Women and girls are almost invariably among the poorest, most oppressed and excluded members of society. Negative attitudes, and environmental and institutional barriers have made them a vulnerable and neglected section of society. Children and adults are frequently prevented by law and in practice from realising their social, political and economic rights. Women are particularly subject to becoming victims of family violence. Furthermore, both adults and children are often excluded from opportunities to address their own concerns because their problems are primarily discussed from a medical or welfare perspective. 

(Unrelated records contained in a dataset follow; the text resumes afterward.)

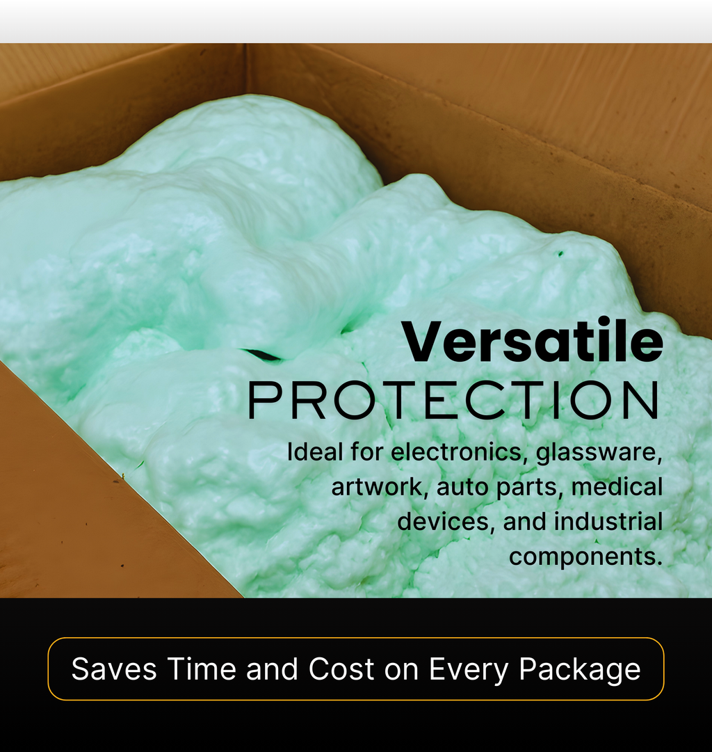 Custom Fit: Foam expands inside a bag or box to mold around the product.
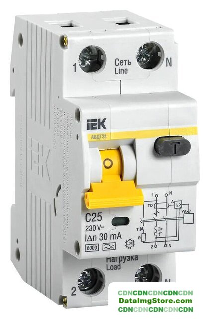 25 А, 2P, ном. отключающая способность 4.5 кА, тип дифф. тока AC, ток утечки 30 мА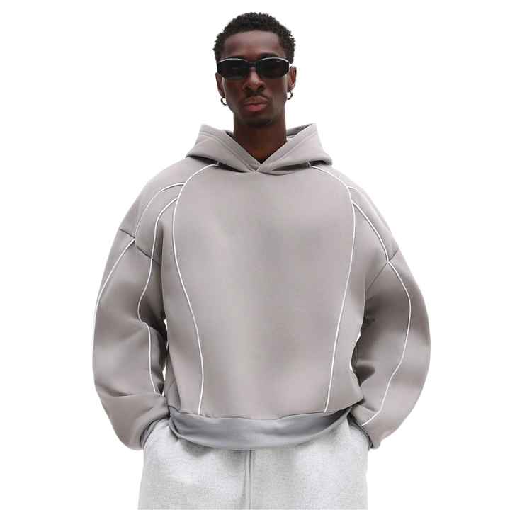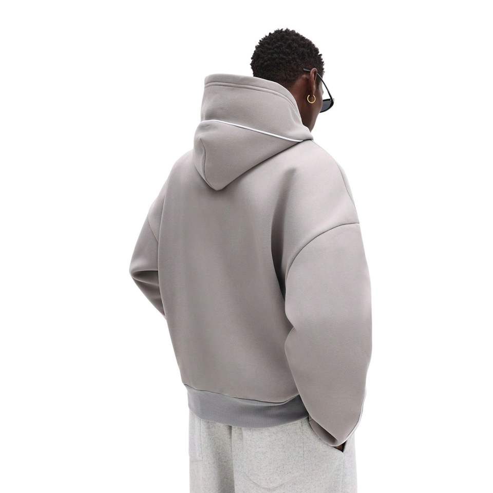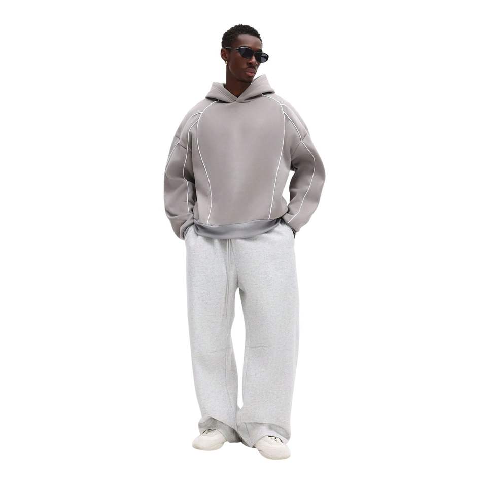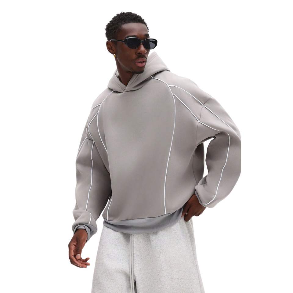 เสื้อฮู้ดดี้ผู้ชายแบบโอเวอร์ไซส์ OEM สั่งทำพิเศษ แต่งขอบตัดสี ผ้าฟลีซ 280 กรัม ปักโลโก้ได้ตามต้องการ ตะเข็บกลับด้าน แขนเสื้อแบบริบ สำหรับฤดูหนาว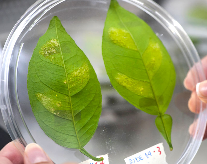 En las próximas semanas, cuando las lluvias se intensifiquen, dos biólogos paulistas tienen previsto llevar a los naranjales los compuestos con los que han venido trabajando en los últimos años. Pretenden comprobar si, a cielo abierto, tienen un efecto protector contra la bacteria Xanthomonas citri subsp. citri, causante de la cancrosis de los cítricos, una antigua enfermedad de la citricultura brasileña, que aún pervive en alrededor del 20 % de las plantaciones de cítricos.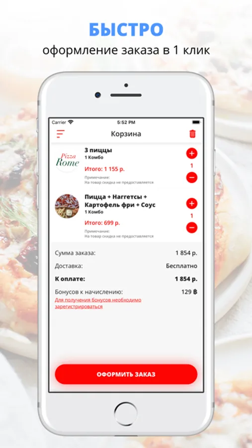 Скачивайте наше приложение, оформляйте заказ и наслаждайтесь любимой едой, где бы Вы ни были! Приятного аппетита!

Recent disability cases in Bangladesh 

The most recent Act which was enacted by the government of Bangladesh is the Rights and Protection of Persons with Disability Act 2013 in line with the United Nations Convention on the Rights of Persons with Disabilities. However, there were questions under this Act in the case of BLAST, NGDO and NCDW v Bangladesh and Others  (2015) as this act was not properly applied here.15 Section 31 of the Act provides registration and issuance of identity cards to persons with disabilities, and further states that no persons with disabilities will be able to secure any protections under the Act without such a card.16 Section 36 prohibits discrimination based on disability and provides for remedies against such discrimination, including compensation.17 However one and a half years since the passage of this law, no gazette notifications  were published bringing into force Sections 31 and 36.18 There have been many other cases that have been disposed of or kept pending for years.19  In the mentioned case, the court could not  give it valuable time to come up with a decision especially for the people who are struggling with their disability here.20  

The question now arises whether this is still the same situation in the modern era where the laws are more developed. In 2020 the government passed the National Building Construction Act.21 This act requires physical structures to be made accessible to those with disabilities.22 However, the government did not implement the law effectively as the government still did not them provide with accommodations or pay their rent.23 The law calls for the establishment of local committees to expedite implementation of the law, but most committees had not been activated. 24 The law requires persons with disabilities to register for identity cards to track their enrollment in educational institutions and access to jobs.25 This registration allows them to be included in voter lists, to cast votes, and to participate in elections which is a big step.26  

How Post Covid has affected the disabled and a way forward 

People with disabilities have also been affected by COVID-19 during 2020 to 2021, have faced multiple layers of deprivation during this period with shrinking economic activities and fear of hunger.27 Support provided by the government and others is not easily accessible.28 The International Labour Organisation  has reported that the risk in the response to the current crisis is that people with disabilities will be left behind once again.29 A report on ‘Covid-19 Impact on Vulnerable Groups: People with Disabilities’ by Innovision, a research based non-governmental organisation, shows that 74 per cent of people with disabilities in Bangladesh have lost all of their income sources.30  

Sightsavers has identified a number of focus areas for influencing the government and donor agencies to take adequate measures, protecting people with disabilities from the short-term and long-term adverse impacts of COVID-19.31 To start off, developing a policy and budget allocation in consultation with people with disabilities and their representative organisations would really benefit their health.32 Using sign language and accessible web content in all campaign activities/press conferences on COVID-19 and making websites of the ministry of health and family welfare especially for deaf/blind people could very much help them in helping them gain knowledge about their situation.33 

Again, prioritising women and girls with disabilities in any specific initiatives for women, including sexual and reproductive health services, by ensuring them adequate water, soap and menstrual supplies is an important solution here.34 There are other steps taking place, including a government directive to the Association of Private Employers to prevent people with disabilities from losing jobs due to COVID-19.35 Furthermore, providing loans to people with disabilities with low interest rates to resume their businesses can also make a huge impact in their lives.36 

Photo credit:”FM speaking at the 8th session of the Conference of States Parties to the Convention on the Rights of Persons with Disabilities” by Estonian Foreign Ministry is licensed under CC BY 2.0.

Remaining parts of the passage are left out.